PROBLEM DESCRIPTION:
Could you output the entries that follow exactly, omitting any pictures they contain?

═══ MATERIAL FOR THIS TASK ═══

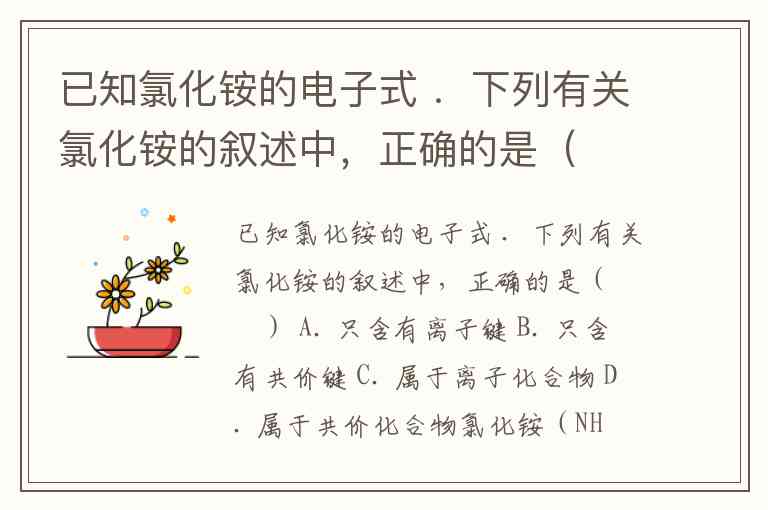 已知氯化铵的电子式 .下列有关氯化铵的叙述中,正确的是( ) A. 只含有离子键 B. 只含有共价键 C. 属于离子化合物 D. 属于共价化合物
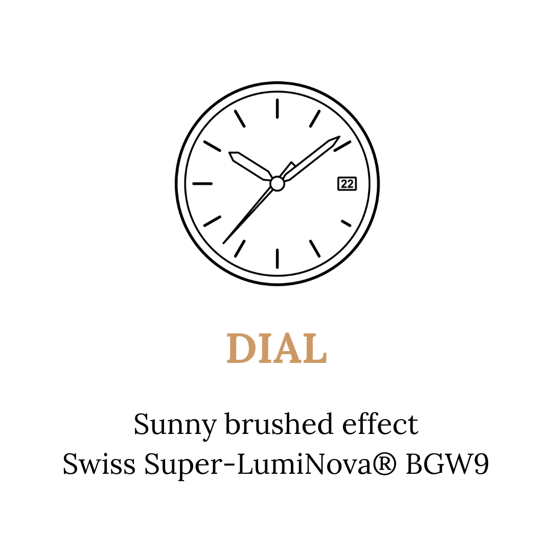 - LUME: Swiss Super-LumiNova® BGW9 / Military version : Colored Swiss Super-LumiNova
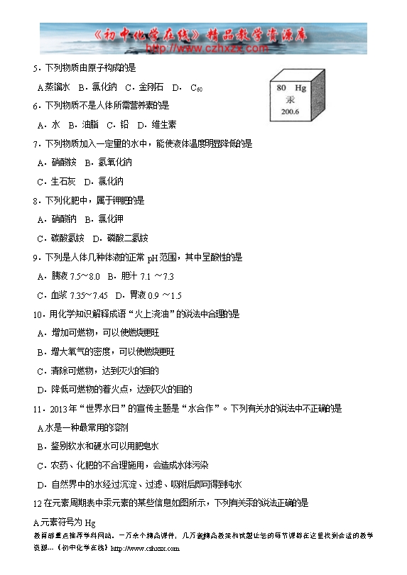 所属专辑: 《2013年各省市中考化学真题》专辑
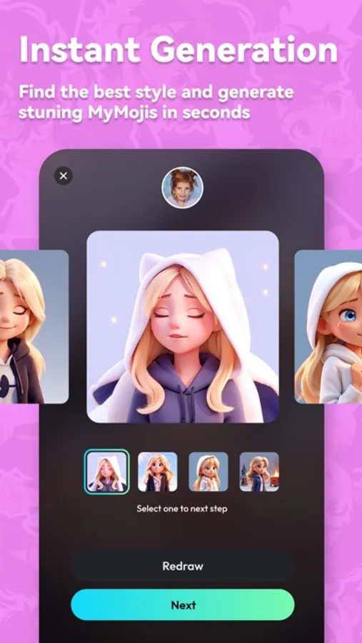 Select your favorite style and watch MyMoji Keyboard work its magic within seconds! Generate stunning, eye-catching MyMoji designs in the blink of an eye.
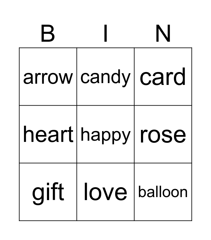 This bingo card has a free space and 8 words: heart, candy, rose, gift, card, arrow, love and balloon.
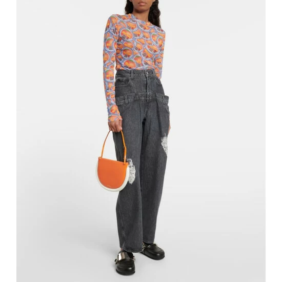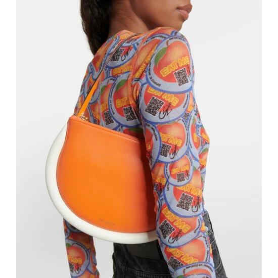 The Bumper-Moon leather shoulder bag from JW Anderson features an oversized tubular trim on its elegant crescent moon silhouette. This glamorous design can be worn on the shoulder or with its structured top handle.
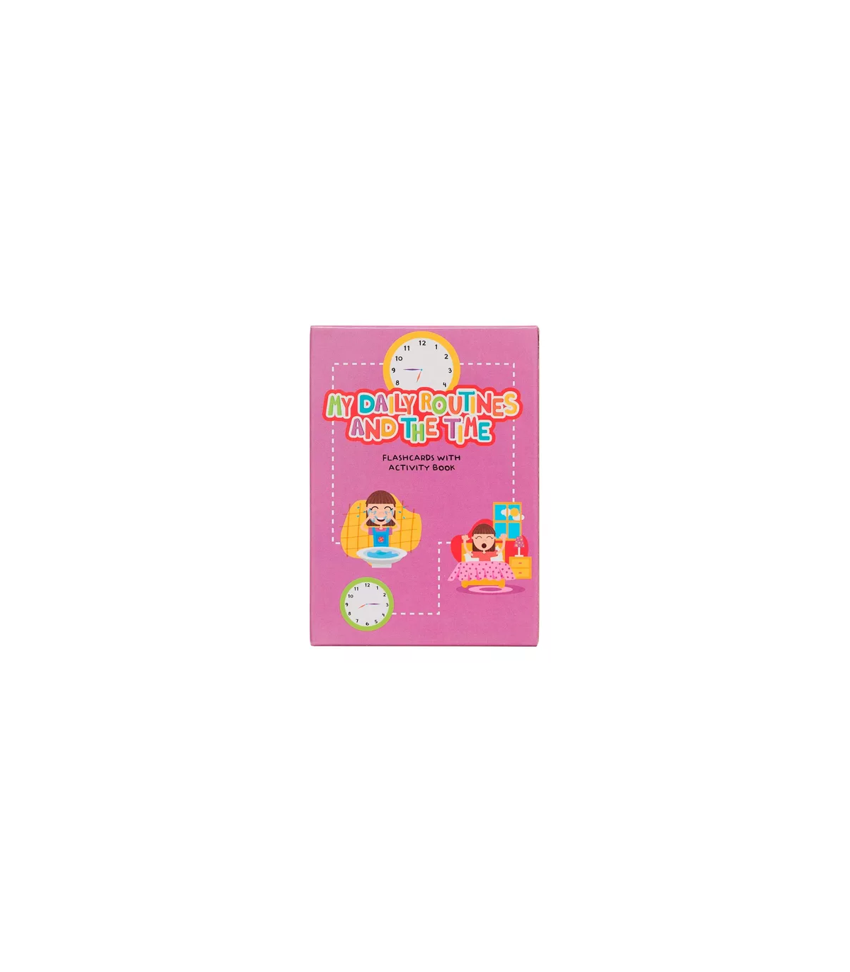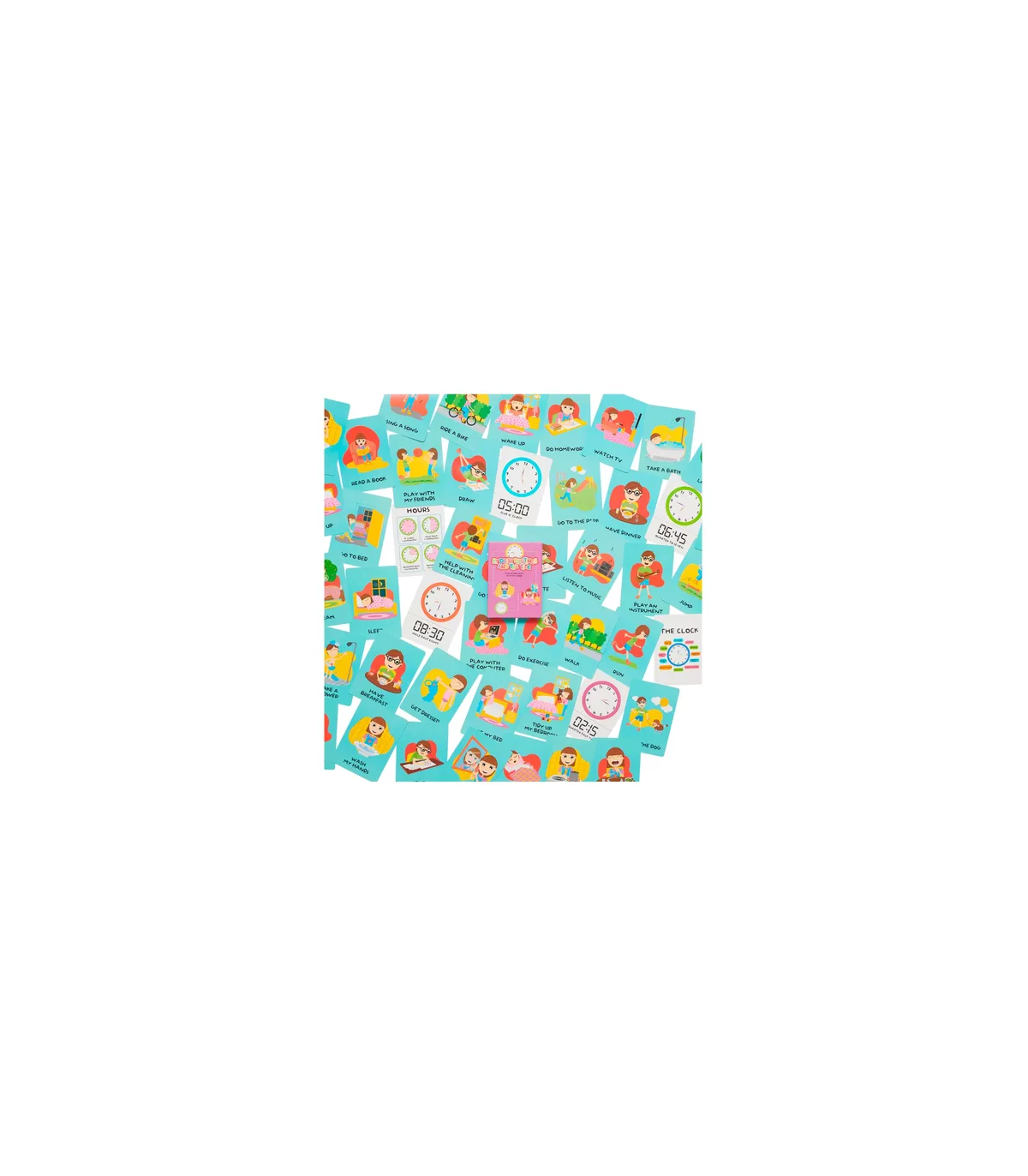 50 cartas educativas en inglés ideales para aprender y reforzar vocabulario sobre las acciones que componen nuestra rutina diaria. Los chicos y chicas aprenden también la hora y combinan las cartas con las acciones según el momento del día en que se reali
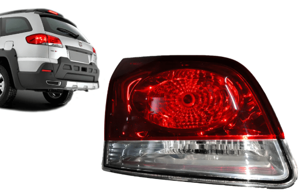 A lanterna traseira da mala lado esquerdo para o Palio Weekend 2008 a 2016 possui lente em acrílico resistente, carcaça de plástico e é do modelo bicolor rubi (vermelho e cristal), essencial para a segurança e estética do veículo.

═══

ANSWER TO THIS TASK:
 已知氯化铵的电子式 .下列有关氯化铵的叙述中,正确的是( ) A. 只含有离子键 B. 只含有共价键 C. 属于离子化合物 D. 属于共价化合物
 - LUME: Swiss Super-LumiNova® BGW9 / Military version : Colored Swiss Super-LumiNova
 所属专辑: 《2013年各省市中考化学真题》专辑
 Select your favorite style and watch MyMoji Keyboard work its magic within seconds! Generate stunning, eye-catching MyMoji designs in the blink of an eye.
 This bingo card has a free space and 8 words: heart, candy, rose, gift, card, arrow, love and balloon.
 The Bumper-Moon leather shoulder bag from JW Anderson features an oversized tubular trim on its elegant crescent moon silhouette. This glamorous design can be worn on the shoulder or with its structured top handle.
 50 cartas educativas en inglés ideales para aprender y reforzar vocabulario sobre las acciones que componen nuestra rutina diaria. Los chicos y chicas aprenden también la hora y combinan las cartas con las acciones según el momento del día en que se reali
 A lanterna traseira da mala lado esquerdo para o Palio Weekend 2008 a 2016 possui lente em acrílico resistente, carcaça de plástico e é do modelo bicolor rubi (vermelho e cristal), essencial para a segurança e estética do veículo.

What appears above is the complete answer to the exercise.